Whatever lies between the line with "1953年に誕生した冒険家の" and the end of the data, both included, must be copied exactly and without pictures.

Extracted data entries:
==========
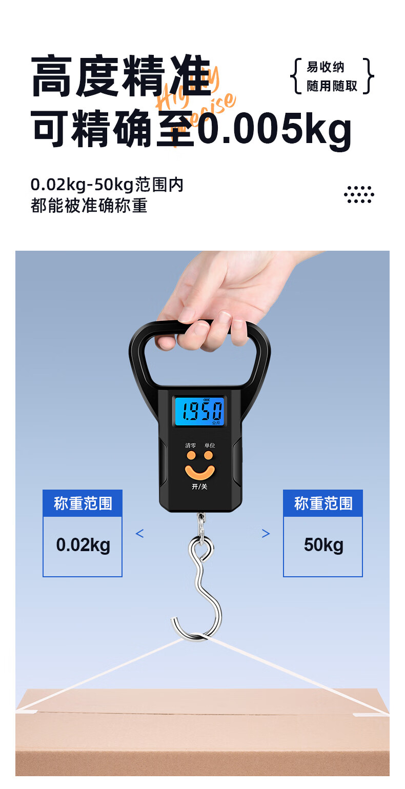 Household portable scale portable mini electronic scale stall high-precision hanging structure scale 50kg express parcel scale black 50kg/battery model
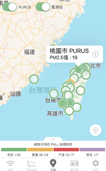 有一個地方是我最喜歡就是他可以記錄附近政府空氣監測站與PURUS air 所測試到的空氣品質狀況.
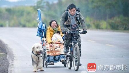 一輛單車,一只犬,一把輪椅,從柳州出發,賴敏和丁一舟2015年初開始環游全國。
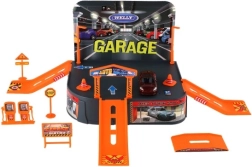 Ce jeu inclut un garage pliable, une pompe à essence, et des rampes, tous conçus pour un jeu créatif et pour favoriser l'imagination des enfants. Le garage est également équipé de panneaux et l'ensemble inclut des autocollants pour la décoration personnelle.
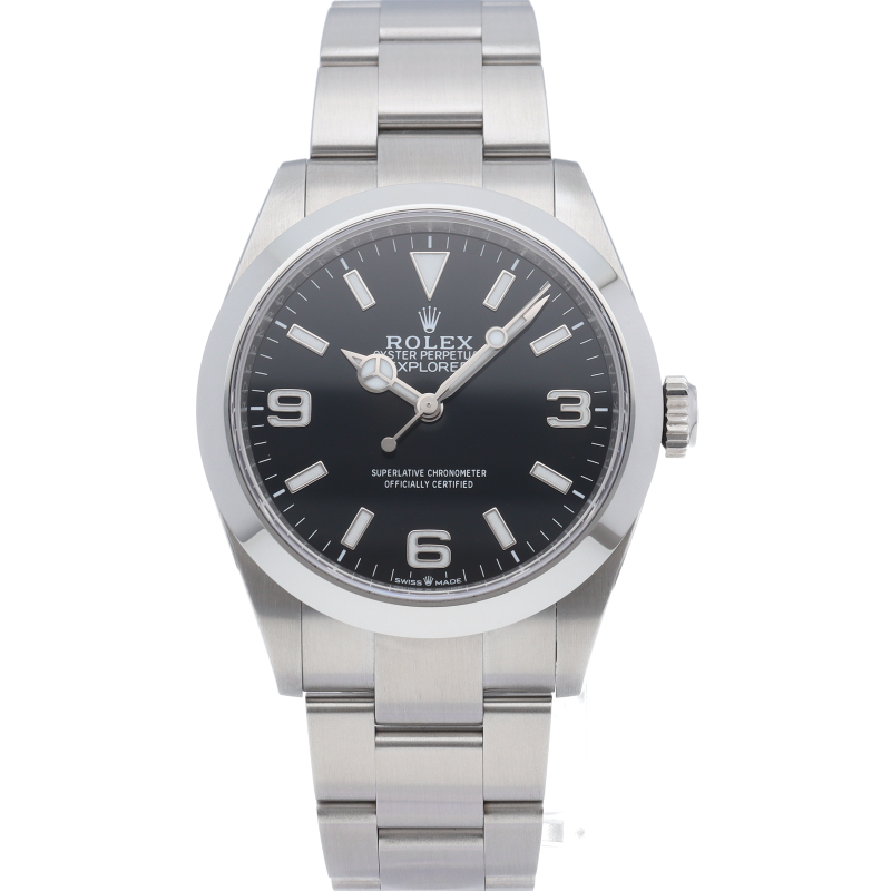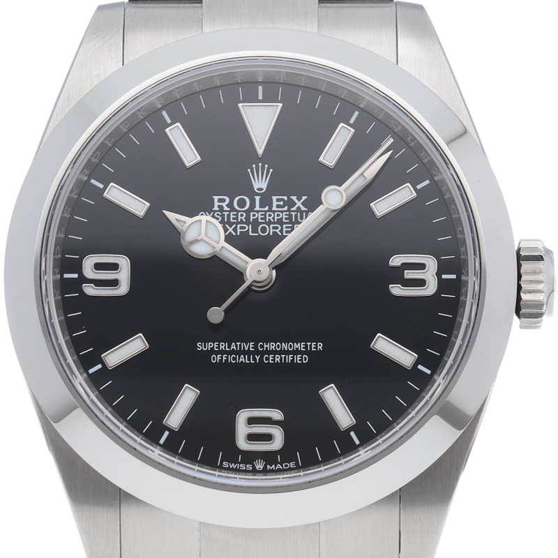 1953年に誕生した冒険家の為の時計、オイスターパーペチュアル エクスプローラー40。ムーブメントには、高いエネルギー効率と信頼性を両立させるロレックス特許のクロナジーエスケープメントを採用し、シリコン製ヘアスプリングと高性能パラフレックスショックアブソーバを装備した70時間パワーリザーブのキャリバー3230を搭載しています。2023年登場の新型モデル。
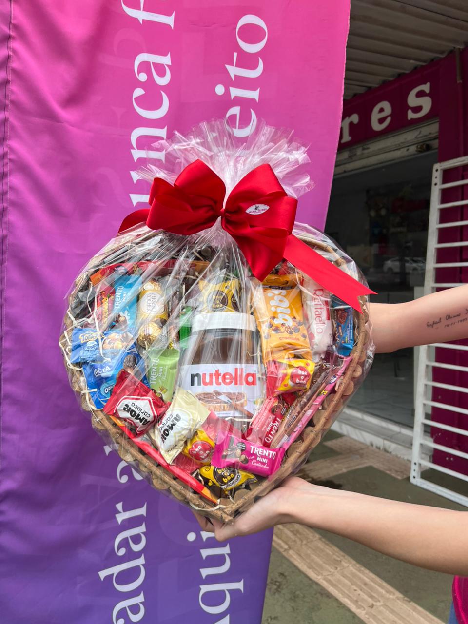 No centro, uma irresistível Nutella gigante (800g a 1kg) rouba a cena, cercada por uma seleção deliciosa de bombons, trufas e guloseimas que fazem qualquer coração derreter.
==========
**The answer**
 1953年に誕生した冒険家の為の時計、オイスターパーペチュアル エクスプローラー40。ムーブメントには、高いエネルギー効率と信頼性を両立させるロレックス特許のクロナジーエスケープメントを採用し、シリコン製ヘアスプリングと高性能パラフレックスショックアブソーバを装備した70時間パワーリザーブのキャリバー3230を搭載しています。2023年登場の新型モデル。
 No centro, uma irresistível Nutella gigante (800g a 1kg) rouba a cena, cercada por uma seleção deliciosa de bombons, trufas e guloseimas que fazem qualquer coração derreter.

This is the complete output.